EXTRACTED RECORDS:
====

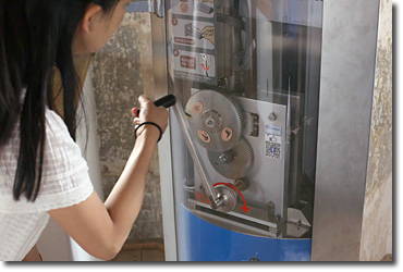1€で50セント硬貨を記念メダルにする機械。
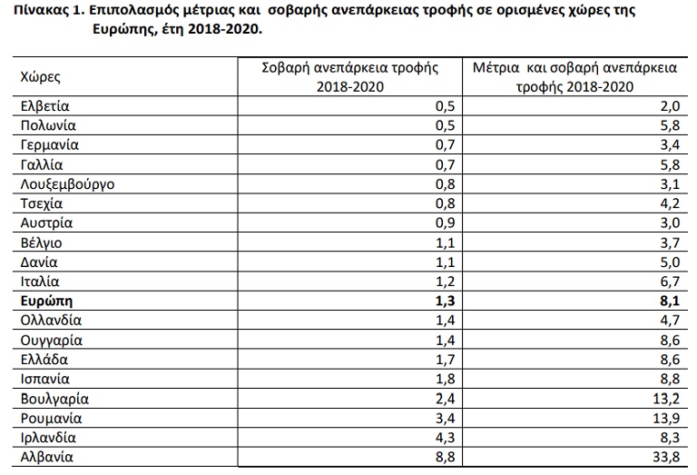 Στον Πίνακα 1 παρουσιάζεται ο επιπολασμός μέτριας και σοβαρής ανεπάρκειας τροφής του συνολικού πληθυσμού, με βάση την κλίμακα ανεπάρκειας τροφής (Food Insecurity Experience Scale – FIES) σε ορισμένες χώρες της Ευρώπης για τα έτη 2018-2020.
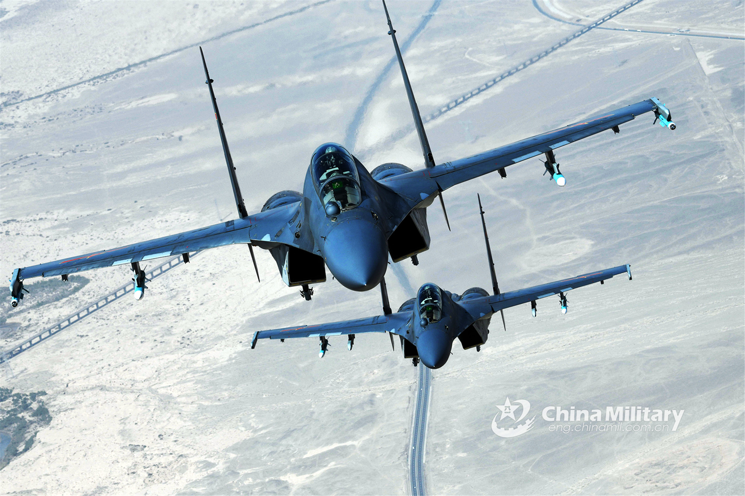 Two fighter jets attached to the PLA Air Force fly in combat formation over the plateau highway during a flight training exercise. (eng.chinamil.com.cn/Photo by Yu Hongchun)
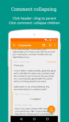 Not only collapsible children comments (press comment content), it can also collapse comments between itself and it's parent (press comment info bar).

====

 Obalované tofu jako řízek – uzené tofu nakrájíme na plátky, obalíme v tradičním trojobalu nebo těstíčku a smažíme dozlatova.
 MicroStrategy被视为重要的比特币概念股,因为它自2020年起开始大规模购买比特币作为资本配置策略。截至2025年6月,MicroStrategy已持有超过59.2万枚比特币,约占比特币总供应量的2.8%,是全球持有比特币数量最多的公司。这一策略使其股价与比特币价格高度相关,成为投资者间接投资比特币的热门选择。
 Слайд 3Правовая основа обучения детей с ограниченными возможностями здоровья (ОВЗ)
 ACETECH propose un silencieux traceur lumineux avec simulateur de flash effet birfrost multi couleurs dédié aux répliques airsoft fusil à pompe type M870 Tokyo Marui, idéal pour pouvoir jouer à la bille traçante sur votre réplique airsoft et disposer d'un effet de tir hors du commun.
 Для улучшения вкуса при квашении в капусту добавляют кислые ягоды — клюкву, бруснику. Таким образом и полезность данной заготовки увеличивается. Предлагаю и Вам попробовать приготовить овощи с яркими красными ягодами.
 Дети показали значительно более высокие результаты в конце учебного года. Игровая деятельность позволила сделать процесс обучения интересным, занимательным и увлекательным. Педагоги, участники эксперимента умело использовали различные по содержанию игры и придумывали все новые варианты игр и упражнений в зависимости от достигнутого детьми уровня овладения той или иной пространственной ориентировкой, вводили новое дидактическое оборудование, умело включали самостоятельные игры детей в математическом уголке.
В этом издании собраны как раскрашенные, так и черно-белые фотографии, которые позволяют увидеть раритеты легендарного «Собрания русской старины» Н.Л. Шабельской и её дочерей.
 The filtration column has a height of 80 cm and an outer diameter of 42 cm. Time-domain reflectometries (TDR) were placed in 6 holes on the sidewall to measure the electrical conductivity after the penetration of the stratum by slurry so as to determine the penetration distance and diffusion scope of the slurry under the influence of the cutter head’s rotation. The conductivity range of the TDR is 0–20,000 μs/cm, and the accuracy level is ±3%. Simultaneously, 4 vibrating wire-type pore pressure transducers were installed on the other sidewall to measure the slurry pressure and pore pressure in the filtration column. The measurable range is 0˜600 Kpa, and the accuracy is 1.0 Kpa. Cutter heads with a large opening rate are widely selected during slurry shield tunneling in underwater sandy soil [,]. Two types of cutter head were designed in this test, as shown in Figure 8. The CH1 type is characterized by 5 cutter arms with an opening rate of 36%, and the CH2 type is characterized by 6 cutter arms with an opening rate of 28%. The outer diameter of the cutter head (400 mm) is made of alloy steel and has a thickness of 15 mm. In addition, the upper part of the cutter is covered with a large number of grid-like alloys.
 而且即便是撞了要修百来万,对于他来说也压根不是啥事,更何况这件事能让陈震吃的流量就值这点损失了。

====

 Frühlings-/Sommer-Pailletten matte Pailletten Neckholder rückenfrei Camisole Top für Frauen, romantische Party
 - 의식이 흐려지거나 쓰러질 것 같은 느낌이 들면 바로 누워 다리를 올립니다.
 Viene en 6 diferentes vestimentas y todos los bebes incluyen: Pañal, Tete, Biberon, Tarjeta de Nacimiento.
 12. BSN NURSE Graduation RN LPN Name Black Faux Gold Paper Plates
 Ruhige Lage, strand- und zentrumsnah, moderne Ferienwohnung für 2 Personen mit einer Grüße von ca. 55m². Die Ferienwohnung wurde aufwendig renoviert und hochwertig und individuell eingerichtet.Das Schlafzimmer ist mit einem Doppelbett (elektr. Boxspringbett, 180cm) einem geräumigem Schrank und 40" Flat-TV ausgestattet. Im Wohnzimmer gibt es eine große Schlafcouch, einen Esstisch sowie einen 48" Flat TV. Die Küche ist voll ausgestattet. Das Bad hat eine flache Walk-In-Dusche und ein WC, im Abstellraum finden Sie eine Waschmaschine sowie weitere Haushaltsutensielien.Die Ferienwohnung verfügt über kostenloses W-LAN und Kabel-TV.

====

REQUIREMENT: Out of the records above, return only the lines from the one with "1€で50セント硬貨を記念メダルにする機械。" through the one with "Not only collapsible", exactly, and none of the pictures.

OUTPUT FOR THIS TASK:
1€で50セント硬貨を記念メダルにする機械。
 Στον Πίνακα 1 παρουσιάζεται ο επιπολασμός μέτριας και σοβαρής ανεπάρκειας τροφής του συνολικού πληθυσμού, με βάση την κλίμακα ανεπάρκειας τροφής (Food Insecurity Experience Scale – FIES) σε ορισμένες χώρες της Ευρώπης για τα έτη 2018-2020.
 Two fighter jets attached to the PLA Air Force fly in combat formation over the plateau highway during a flight training exercise. (eng.chinamil.com.cn/Photo by Yu Hongchun)
 Not only collapsible children comments (press comment content), it can also collapse comments between itself and it's parent (press comment info bar).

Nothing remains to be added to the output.